Male teachers bring a different dynamic to the classroom and as with any workplace, it’s not healthy for one gender to completely dominate an industry.
It has long been established that boys and girls learn differently and that girls generally outperform boys in many key areas during primary school years.
Some educators believe the lack of male teachers in the vital primary years adds to the disparity between the sexes.
Research conducted by academics Dr Mark Sinclair and Kevin McGrath in 2013 found male students in Australia preferred to be taught by men due to the belief they shared similar interests, experiences and attitudes.
It found the presence of male teachers was also considered advantageous to girls, but the greatest benefit was to the social development of boys.
The scarcity of male teachers is also a problem in the US and the UK; 25 per cent of British schools do not have a single male teacher.

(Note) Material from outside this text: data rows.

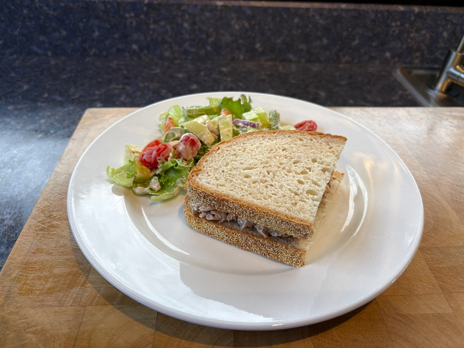 Lunch: Spicy tuna salad sandwich on Heidelberg French peasant bread. Salad with lettuce mix, cucumber, tomato, carrot, celery, green pepper, red onion, and chipotle ranch dressing (20 grams, 93 cal).
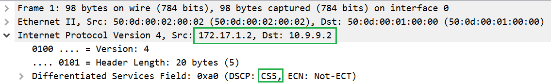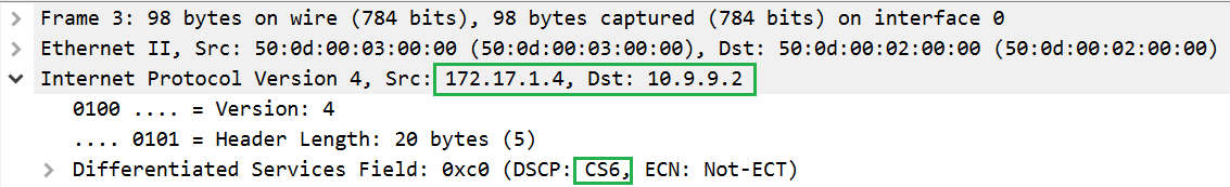 Next on the router VyOS2 we will change labels on all incoming traffic only from CS4-> CS6
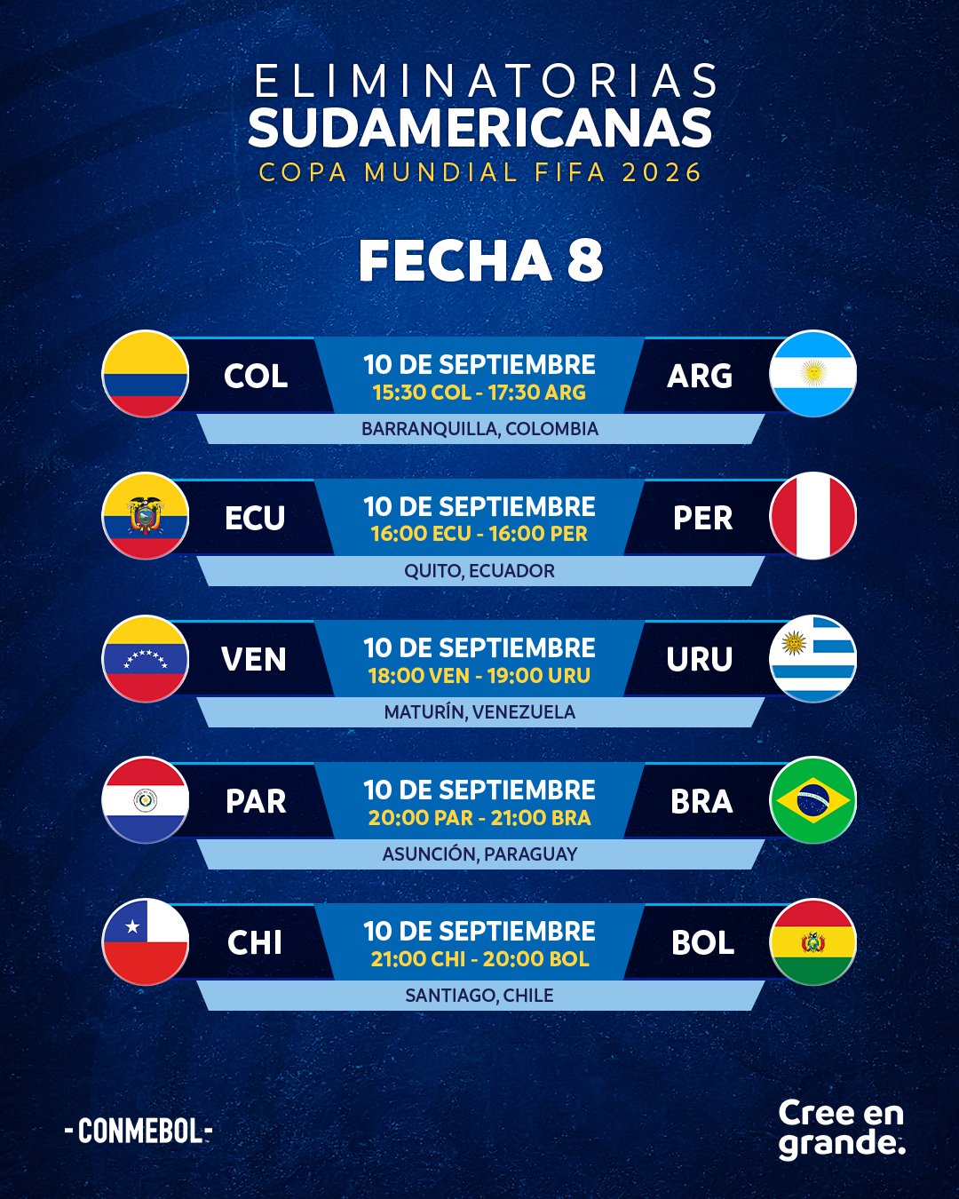 Programación de la fecha 8 de las Eliminatorias Mundial 2026

As with Australia, many education experts believe the lack of male teachers has a great deal to do with boys struggling in the classroom. A study by the London School of Economics found male students were more engaged and tried harder in classes led by men.

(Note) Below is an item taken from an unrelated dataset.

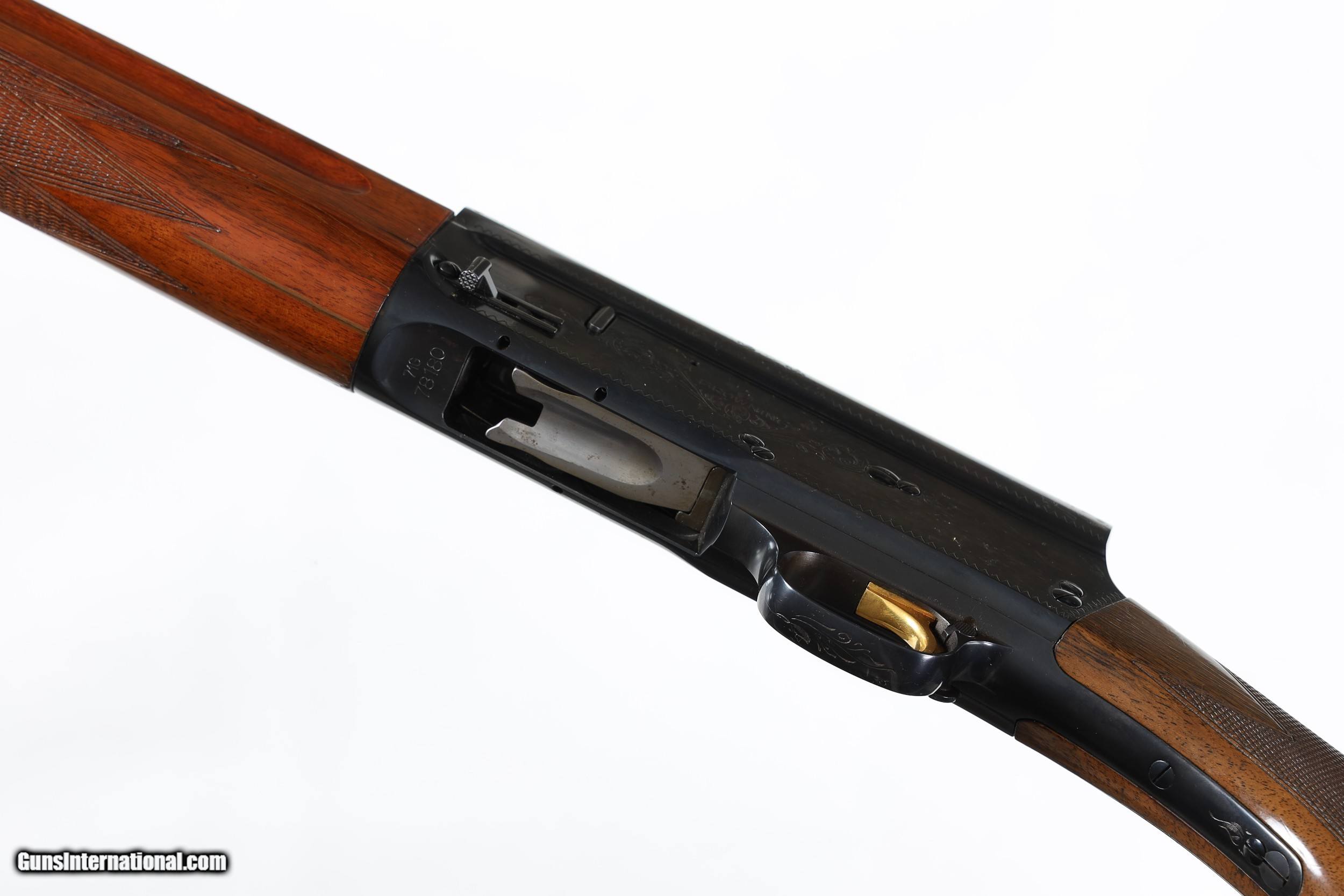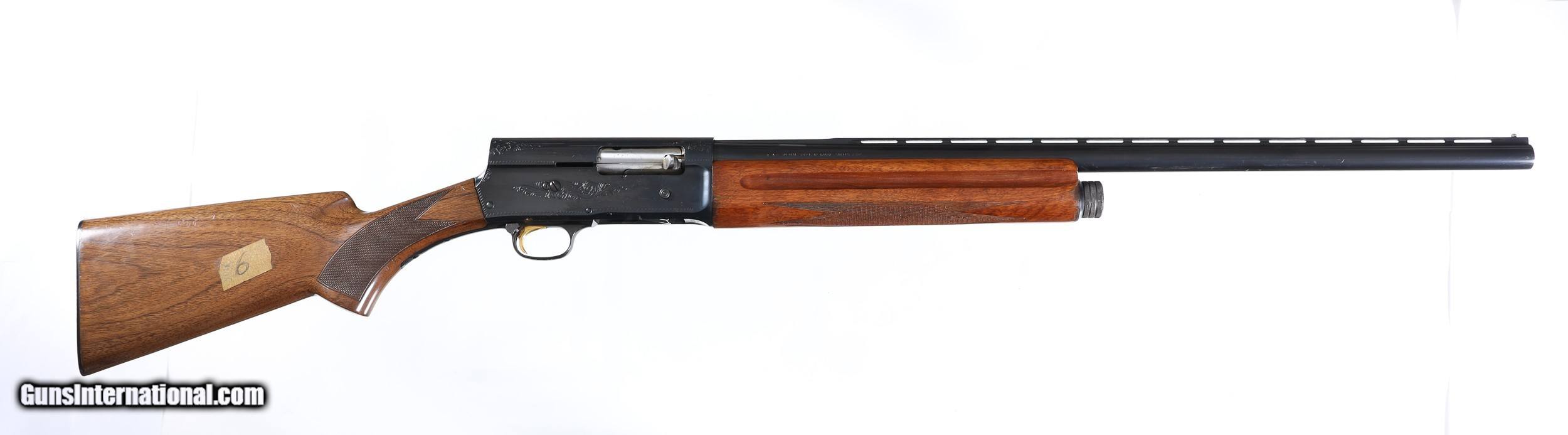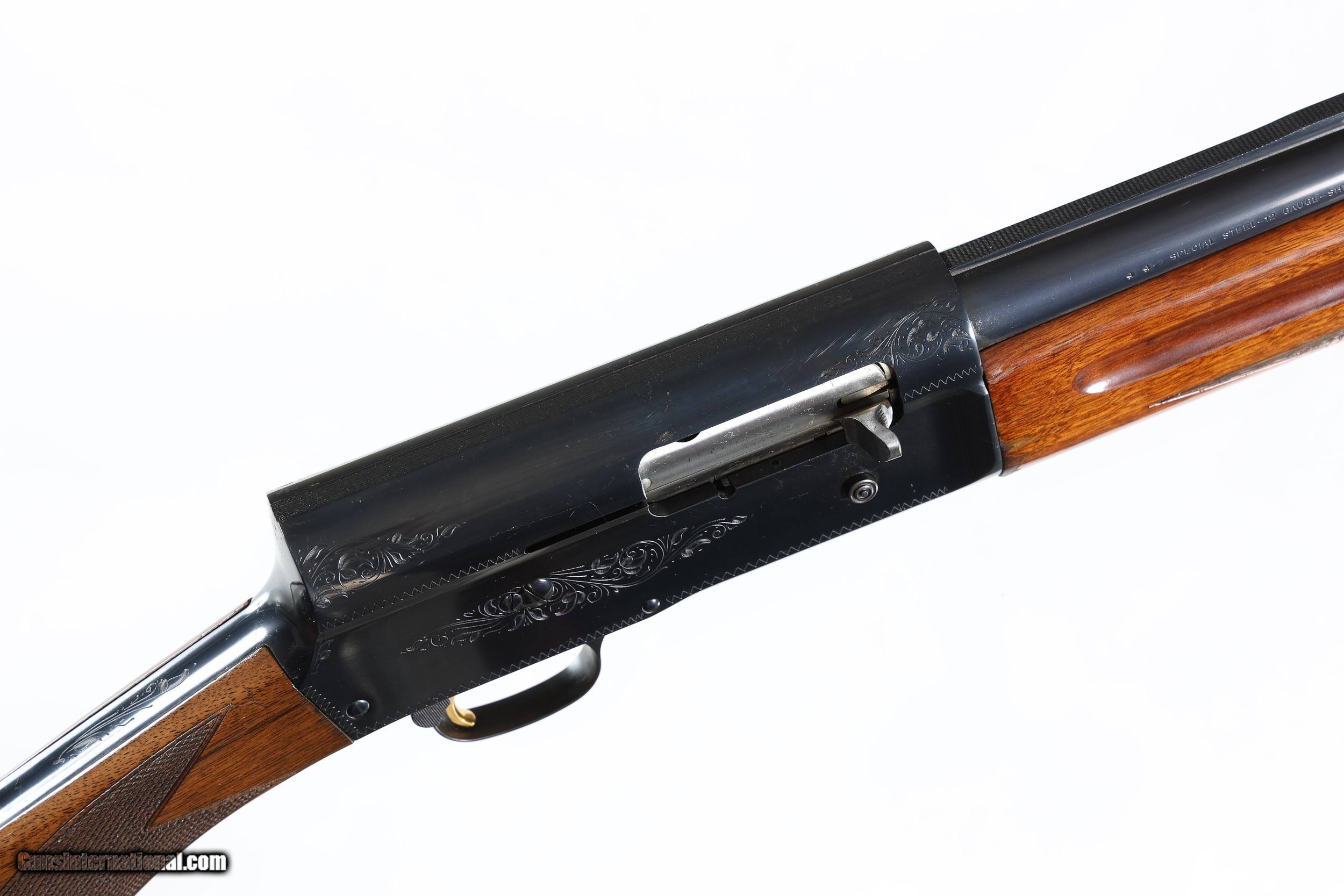 Description: Metal surfaces rate excellent. Hairline crack at underside of forend. Modified choke, 2 3/4" chamber, 14" LOP. Mfd in Belgium. Includes Certificate of Provenance stating it was previously a part of the Winchester Factory Collection where it was maintained by U.S. Repeating Arms. Barrel 25 1/2", C&R. SOLD Curio/Relic: Yes Manufacturer: Browning Model: A5 Light Twelve Serial Number: 71G78180 Metal Condition: Excellent. Action: Semi Shotgun Gauge Info: 12ga LOP: 14 |

That in turn led to boys scoring higher academic results if they had a male teacher. If we are serious about lifting the performance of boys, then getting more male teachers in the classroom is imperative. There needs to be a shift in community attitudes that consider work with small children as an inherently feminine pursuit.

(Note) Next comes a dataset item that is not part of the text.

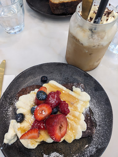 Read moreMe and my boyfriend visited the cafe over the mother's day weekend. I can't eat anything with dairy because my baby girl suffers with CMPA so I asked the wait staff which dairy free options were available on the menu thinking they would point out the vegan options, options that don't include dairy or options that could be adapted to leave out or substitute dairy ingredients. First of all the person serving didnt seem at all sure that there were any options on the menu. I spotted a granola bowl on the menu and asked about this but was told it has yoghurt so I asked about the Acai bowl which doesnt usually contain dairy at any cafe Ive ever eaten it at. The person serving said yes that's dairy free so I ordered that. When it arrived it was a large bowl of acai ice cream, 1 or 2 large strawberries haphazardly chopped into thick slices, a child's handful of blueberries, some seeds and some coconut shavings thrown on top. The presentation was far from the photo shown on the website or a google search and most of the ingredients were missing - no banana, no granola, no raspberries, no chia pudding let alone fancy flowers shown in the photos. So disappointed. The cafe is really well reviewed and was recommended so maybe we caught then on a bad day, maybe they didnt like me asking for a dairy free option? My boyfriend ordered the french toast which he enjoyed but again the service was poor - the person serving plonked it down on the table without even looking at us before turning away. Staff had to be prompted to bring cutlery. Sadly cant recommend based on...
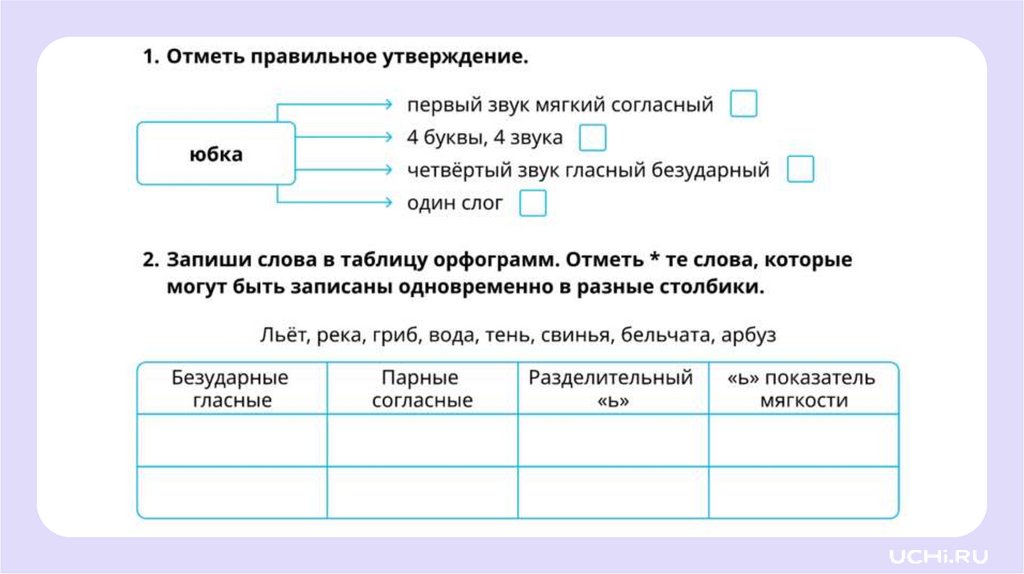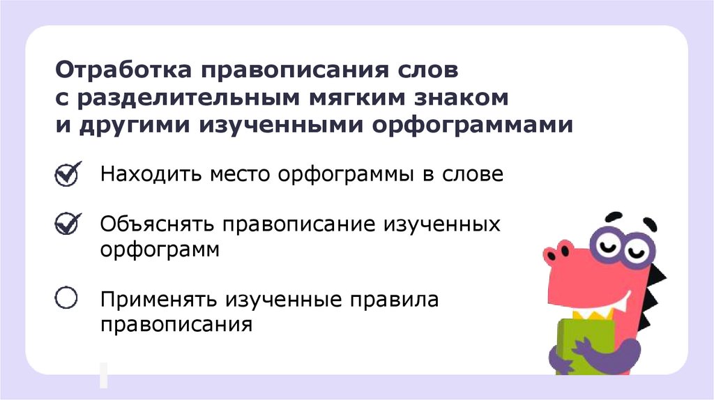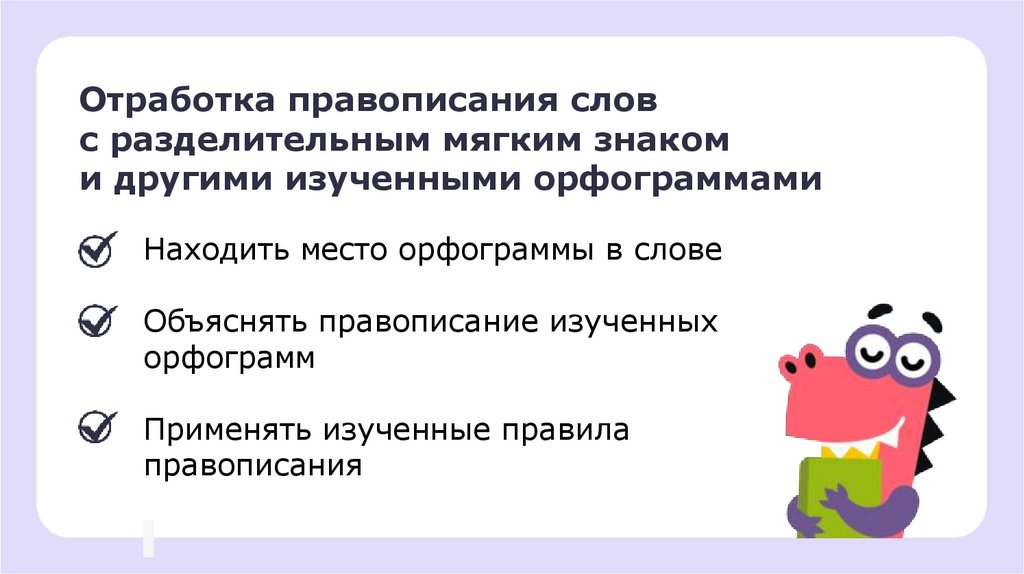Русский язык, 2 класс, Отработка правописания слов с разделительным мягким знаком и другими изученными орфограммами

The gender disparity is not as pronounced in secondary schools where four in 10 teachers are male, however men and women do still tend to gravitate to specialties.
According to the latest Australian Council for Educational Research paper, about 75 per cent of physics teachers are male while 66 per cent of English teachers are female. Computing, IT and mathematics are dominated by male teachers while women prefer the arts and languages.
Despite what education unions tell you, Australian teachers are among the highest paid in the world. Not only do graduates have a starting salary of more than $60,000, well above many other professions, but Australian teachers reach the top of their pay scale in just nine years compared to the OECD average of 25 years.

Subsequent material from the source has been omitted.